1. Link from jobs dashboard row → transcript viewer for YouTube videos
2. Share code between earnings viewer and YouTube viewer
3. Configurable: with/without price charts

## Design: Standalone Viewer App + Shared Components

### Architecture

```
lib/transcript_viewer/
├── __init__.py
├── loader.py           # Load VTT/JSONL transcripts, normalize format
├── youtube.py          # YouTube player embed HTML/JS
└── dash_renderer.py    # Transcript row rendering for Dash

jobs/
├── transcript_viewer.py   # Standalone Dash app for YT videos
└── dashboard.py           # Links to transcript viewer

finance/earnings/backtest/
└── app.py                 # Uses shared components + price charts
```

### Shared Components

**1. loader.py** — Transcript loading
```python
def load_vtt(path: Path) -> list[dict]:
    """Parse VTT → [{offset_s, text, speaker?}]"""

def load_jsonl(path: Path) -> list[dict]:
    """Load JSONL transcript (earnings format)"""

def normalize_transcript(lines: list[dict]) -> list[dict]:
    """Ensure consistent keys: offset_s, text, speaker, time_str"""
```

**2. youtube.py** — YouTube player
```python
def youtube_player_js(video_id: str) -> str:
    """Return JS for YouTube iframe API + seekTo function"""

def youtube_player_html(video_id: str, height: int = 200) -> str:
    """Return player div + initialization"""
```

**3. dash_renderer.py** — Transcript rendering
```python
def render_transcript_rows(
    lines: list[dict],
    speaker_colors: dict = DEFAULT_SPEAKER_COLORS,
    show_price: bool = False,
    metric_attrs: dict = None,  # For earnings: data-rm-10 etc
) -> list[html.Div]:
    """Render clickable transcript rows with timestamps, speaker badges"""

def click_to_seek_js() -> str:
    """JS event listener for .seek-time clicks"""
```

### YouTube Transcript Viewer (`jobs/transcript_viewer.py`)

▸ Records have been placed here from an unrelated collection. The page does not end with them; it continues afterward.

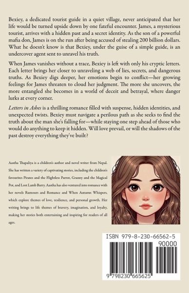 Bexiey, a dedicated tourist guide in a quiet village, never anticipated that her life would be turned upside down by one fateful encounter. James, a mysterious tourist, arrives with a hidden past and a secret identity. As the son of a powerful mafia don, James is on the run after being accused of stealing 200 billion dollars. What he doesn't know is that Bexiey, under the guise of a simple guide, is an undercover agent sent to unravel his truth. When James vanishes without a trace, Bexiey is left with only his cryptic letters. Each letter brings her closer to unraveling a web of lies, secrets, and dangerous truths. As Bexiey digs deeper, her emotions begin to conflict-her growing feelings for James threaten to cloud her judgment. The more she uncovers, the more entangled she becomes in a world of deceit and betrayal, where danger lurks at every corner. Letters in Ashes is a thrilling romance filled with suspense, hidden identities, and unexpected twists. Bexiey must navigate a perilous path as she seeks to find the truth about the man she's falling for-while staying one step ahead of those who would do anything to keep it hidden. Will love prevail, or will the shadows of the past destroy everything they've built?
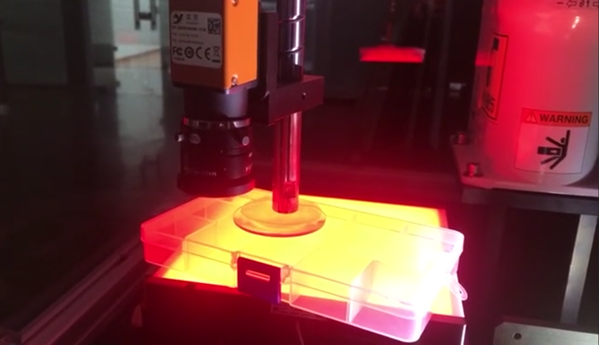 机械手的相机移动到产品位置,相机定位抓取,进行精准对位贴合。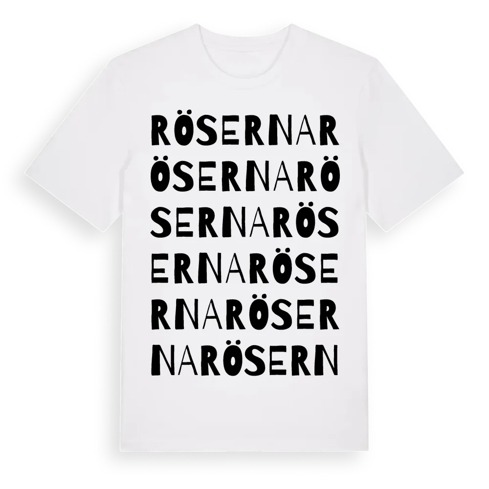 Röserna ordlek t-shirt är inspirerad av Röserna i Västra Götalands län, Sverige. Tröjan är designad för dig som har en speciell koppling till platsen – oavsett om du bor här, har rötterna här eller bara älskar Röserna.
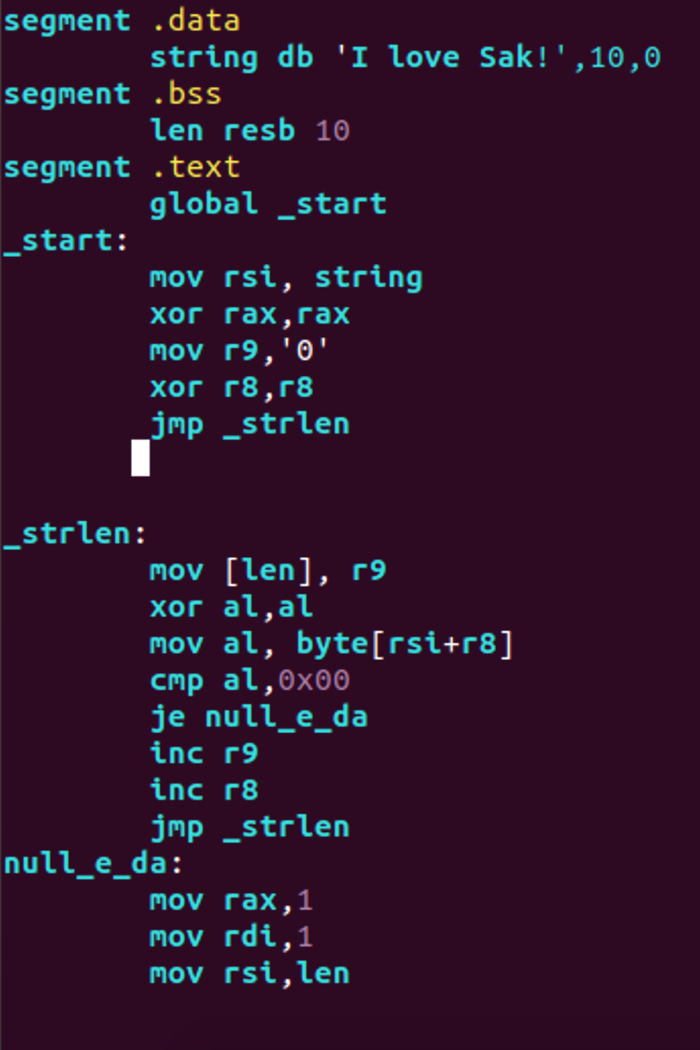 | jmp _strlen_next | 다시 _strlen_next로 복귀함으로서 비교 진행 |
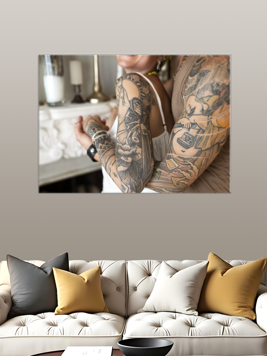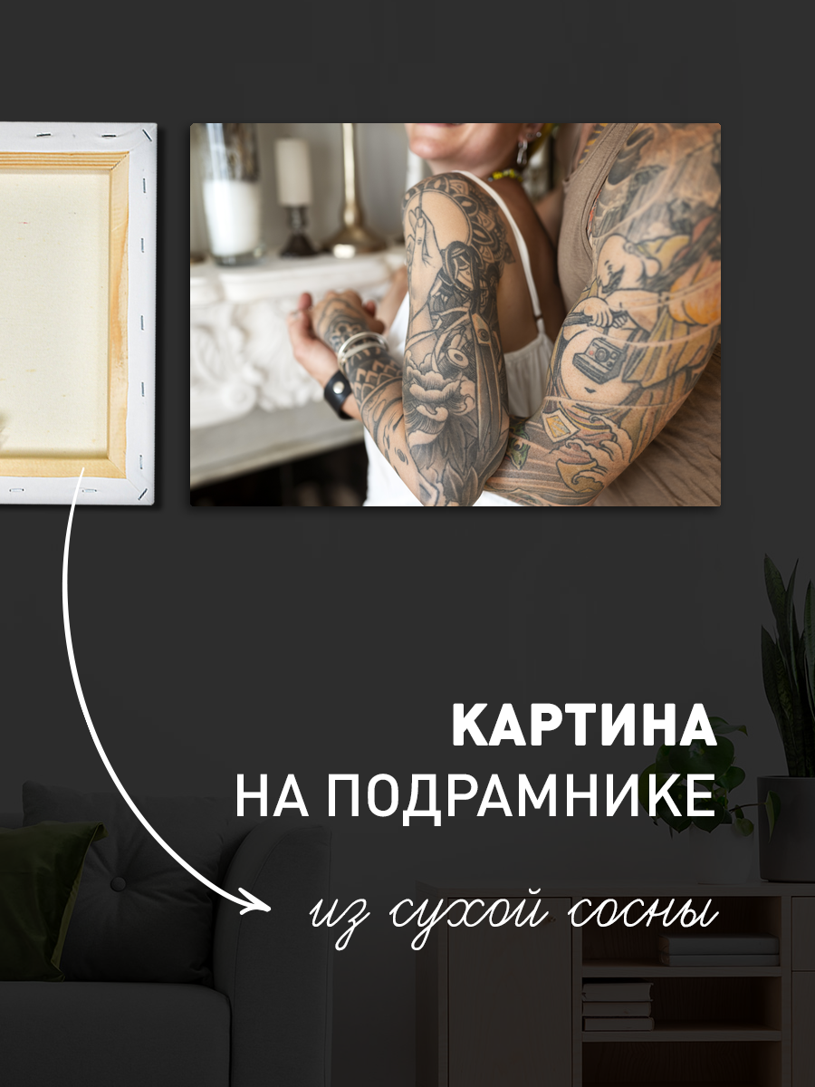 Описание: Картина 50 на 70 "Татуированная гармония" представляет собой завораживающее изображение рук, украшенных яркими татуировками, которые становятся центральным элементом композиции. Основная идея картины заключается в единстве искусства татуировки и человеческой природы, где каждое изображение на коже рассказывает свою историю и передает эмоции. Уникальность этой картины заключается в ее глубоком символизме и способности вызывать интерес к культуре татуировок. Картина вызывает широкий спектр эмоций: от восхищения до размышлений о самовыражении и индивидуальности. Она может стать отличным акцентом в интерьере, привнося в пространство атмосферу творчества и свободы. Вы можете представить ее в гостиной, кабинете или даже в студии, где она будет вдохновлять на новые идеи и заряжать энергией. Эта работа идеально подойдет для интерьеров в современном, индустриальном или даже минималистском стиле, добавляя нотку дерзости и оригинальности. Она станет не только украшением, но и предметом для обсуждения, способным привлечь внимание гостей. Повесьте ее на стену и позвольте ей стать частью вашего уникального пространства, где искусство и жизнь переплетаются.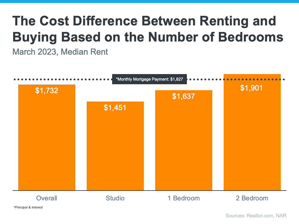 The graph below uses national data on the median rental payment from Realtor.com and median mortgage payment from the National Association of Realtors (NAR) to compare the two options. As the graph shows, depending on how much space you need, it’s typically more affordable to own than to rent if you need two or more bedrooms: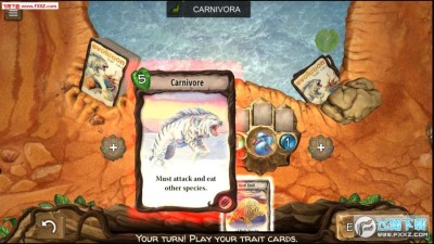 2、玩法上游戏采用卡牌对战的模式,玩家需要控制自己的远古生物,通过从对手手里抢夺各种食物,让它们不断地进化,最终取得对战的胜利;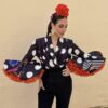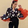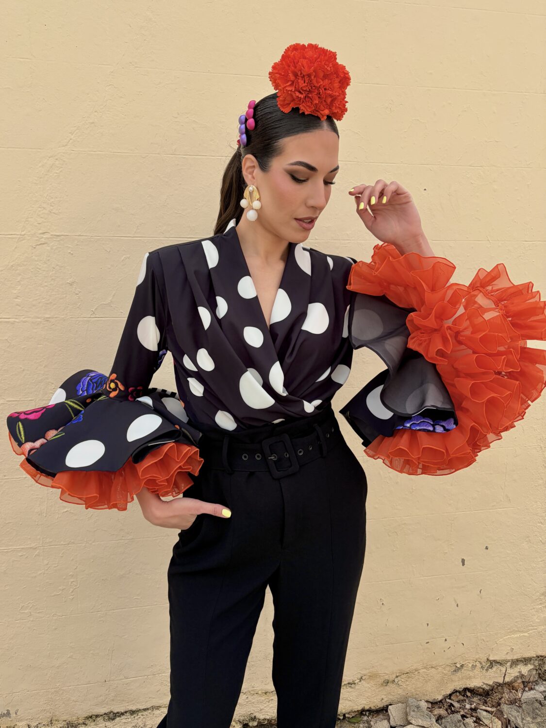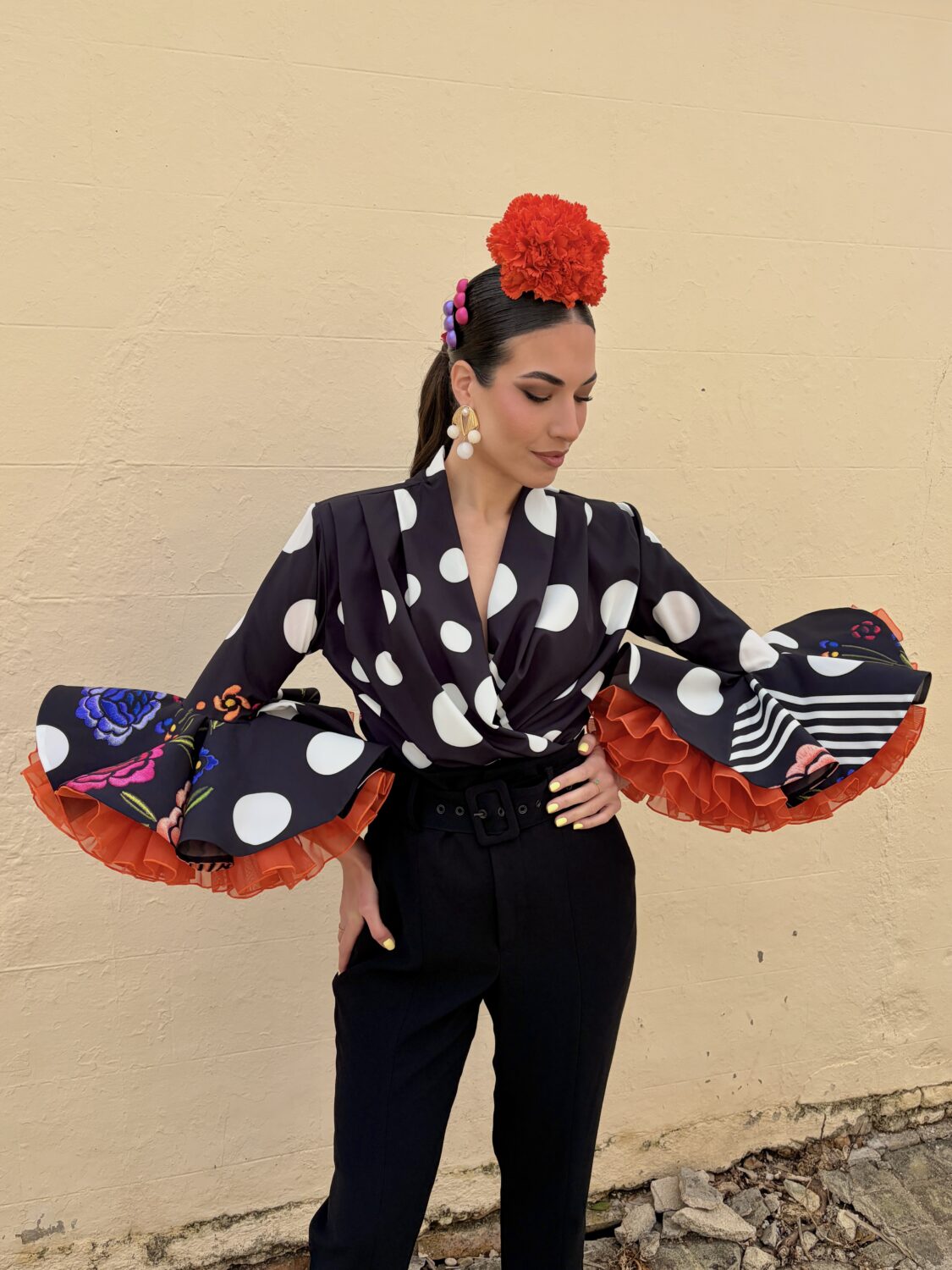 Blusa confeccionada en tejido de popelin elastico, estampado de flores de mantón en tonos malva, coral y fucsia, rayas y lunares en blanco y negro.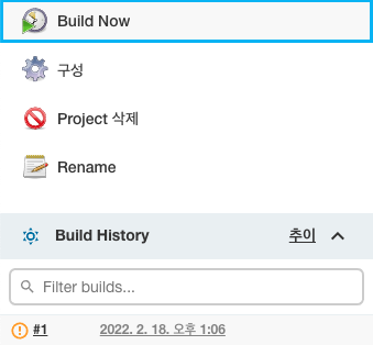 - 저장 후 Build Now 클릭하면 배포 command 작동함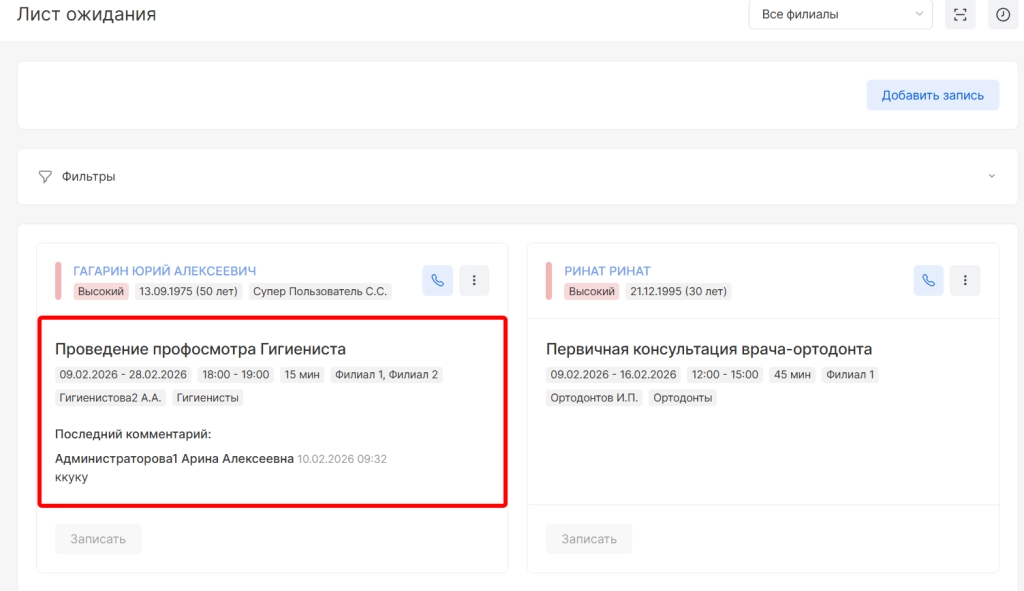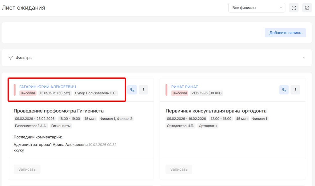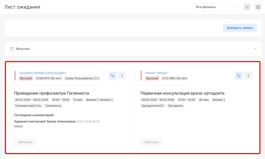 ВНИМАНИЕ! Все записи пациентов располагаются по приоритету: от высокого к низкому. Приоритет указывается в момент добавления пациента в лист ожидания

Standalone Dash app on port 7930:

```
GET /view/{job_id}/{item_key}
  → Load VTT from job storage dir
  → Extract video_id from item data
  → Render: YouTube player + transcript panel
```

Features:
- Video embed with seekTo
- Transcript with timestamps, click-to-seek
- Speaker diarization (if .json available)
- Metadata header (title, duration, upload_date)

### Dashboard Integration

Add "View" link in jobs dashboard item detail:
```python
# In dashboard.py item detail section
if job.tags and "yt-channel" in job.tags:
    transcript_url = f"http://localhost:7930/view/{job_id}/{item_key}"
    # Add link to detail panel
```

### Earnings App Refactor

Update `finance/earnings/backtest/app.py` to import from shared lib:
```python
from lib.transcript_viewer import load_jsonl, youtube_player_js, render_transcript_rows

# Keep earnings-specific: price charts, metrics, crosshair
# Use shared: transcript rows, YouTube player, click handling
```

## Implementation Order

1. **Create lib/transcript_viewer/** with loader.py, youtube.py
2. **Create jobs/transcript_viewer.py** — minimal viewer for YT videos
3. **Add dashboard link** — View button in item detail
4. **Refactor earnings app** — extract to shared components

## Open Questions

- Should viewer run as separate process or same as dashboard?
- Cache transcripts in memory for fast switching?
- Support local video files (not just YouTube)?